Astronomers and amateur star gazers will gather today to watch Mercury transit the Sun's disc as it is projected on a giant screen outside Marina Mall in Abu Dhabi.

Mercury will start crossing the Sun's disc at 9.13am local time and will continue for about five hours and 17 minutes.

The Astronomy Amateur Group at the Emirates Heritage Club will install a telescope outside the mall and project the planet's transit on a screen to give the public a live celestial spectacle.

"This is an exciting event for all astronomers, and for the first time we decided to share it with people and give them a chance to see it," said Ibrahim Obeidallah, Director of the Group.

Obeidallah said the transit of Mercury, the planet closest to the Sun, will be difficult to notice because of the vast differences in relative sizes.

"Mercury will only appear like a spot, because it is 158 times smaller than the sun," he explained.

Even the smallest sunspots on the Sun's surface are larger than Mercury, whose diameter is only 4,800 kilometres. Its tiny silhouette against the Sun will barely be bigger than the point of a pencil.

Obeidallah said that Mercury's transit was last seen in the UAE in 1999.

Such solar transits by Mercury happen about 13 times each century, at irregular intervals of approximately 13, 7, 10, and three years.
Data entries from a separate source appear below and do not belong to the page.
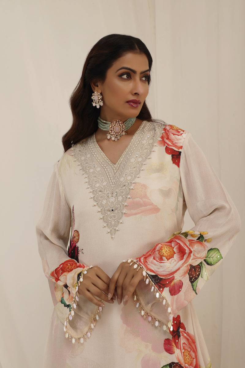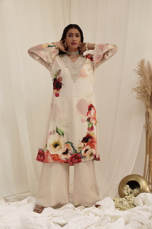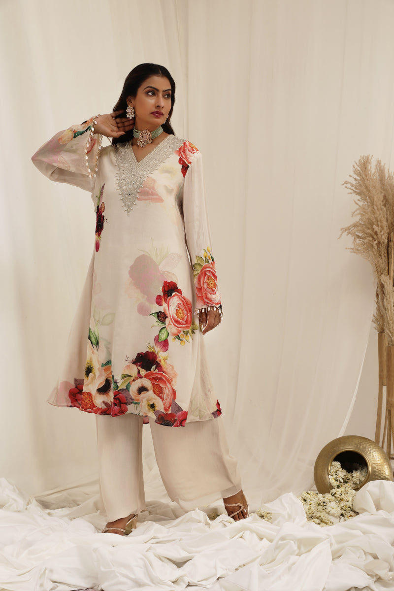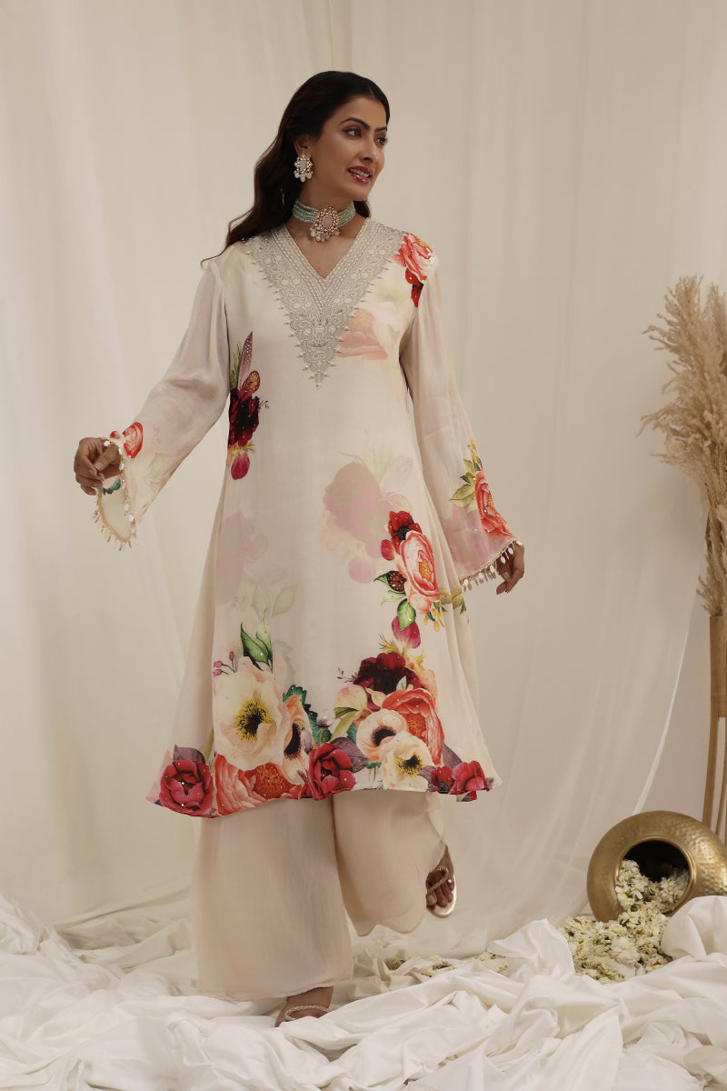 Gul Dasta A-line Kurta set has a essence of summer garden.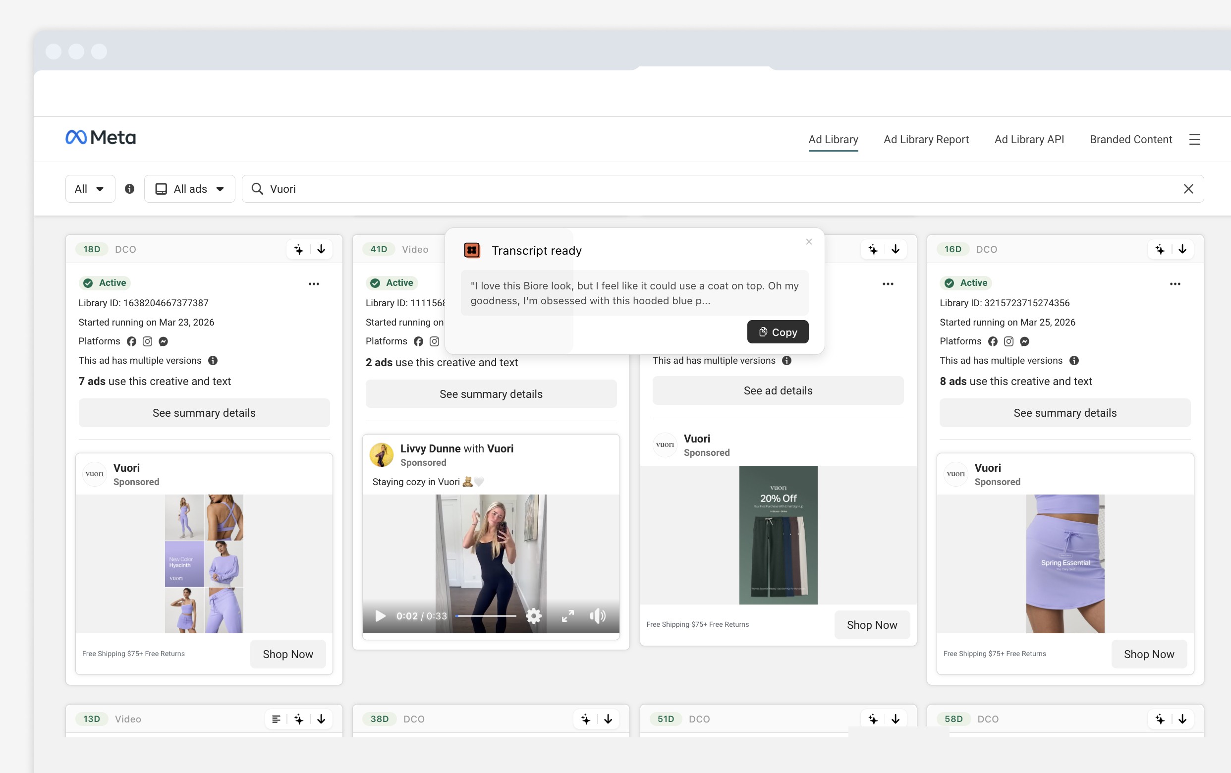 Every video ad, fully transcribed. See the complete script — so you can study what's being said, not just shown.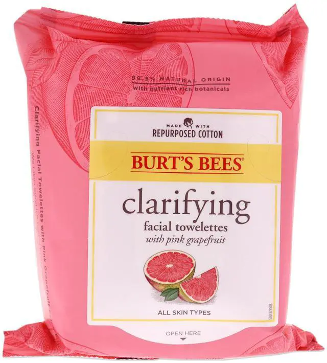 Facial Cleansing Towelettes - Pink Grapefruit by Burts Bees for Unisex - 30 Count Towelettes

This year the Earth passes through Mercury's orbital plane in May and November. The next Mercury transit will be on November 8 2006.

Transits by Mercury happen when the planet is between the Earth and the Sun, on an orbital plane that intersects ours. Obeidallah said that while the best viewing conditions are in Europe, Africa and Asia, it can be viewed by telescopes wherever the Sun is above the horizon and the sky is clear.

He stressed that one should not try to look at the Sun with the naked eye or by telescope as this can cause blindness.

"As looking at the Sun directly can be dangerous, people are advised to watch through telescopes only if provided with Sun filters or a projection on a screen. Otherwise, human sight can be irremediably damaged," he said.

Astronomers and photographers are now busy dusting off their telescopes to watch the occurrence, despite Mercury's transit not being a major astronomical event, said Obeidallah.

"Mercury's transit is not as exciting as a lunar eclipse, but to astronomers it is still an important event."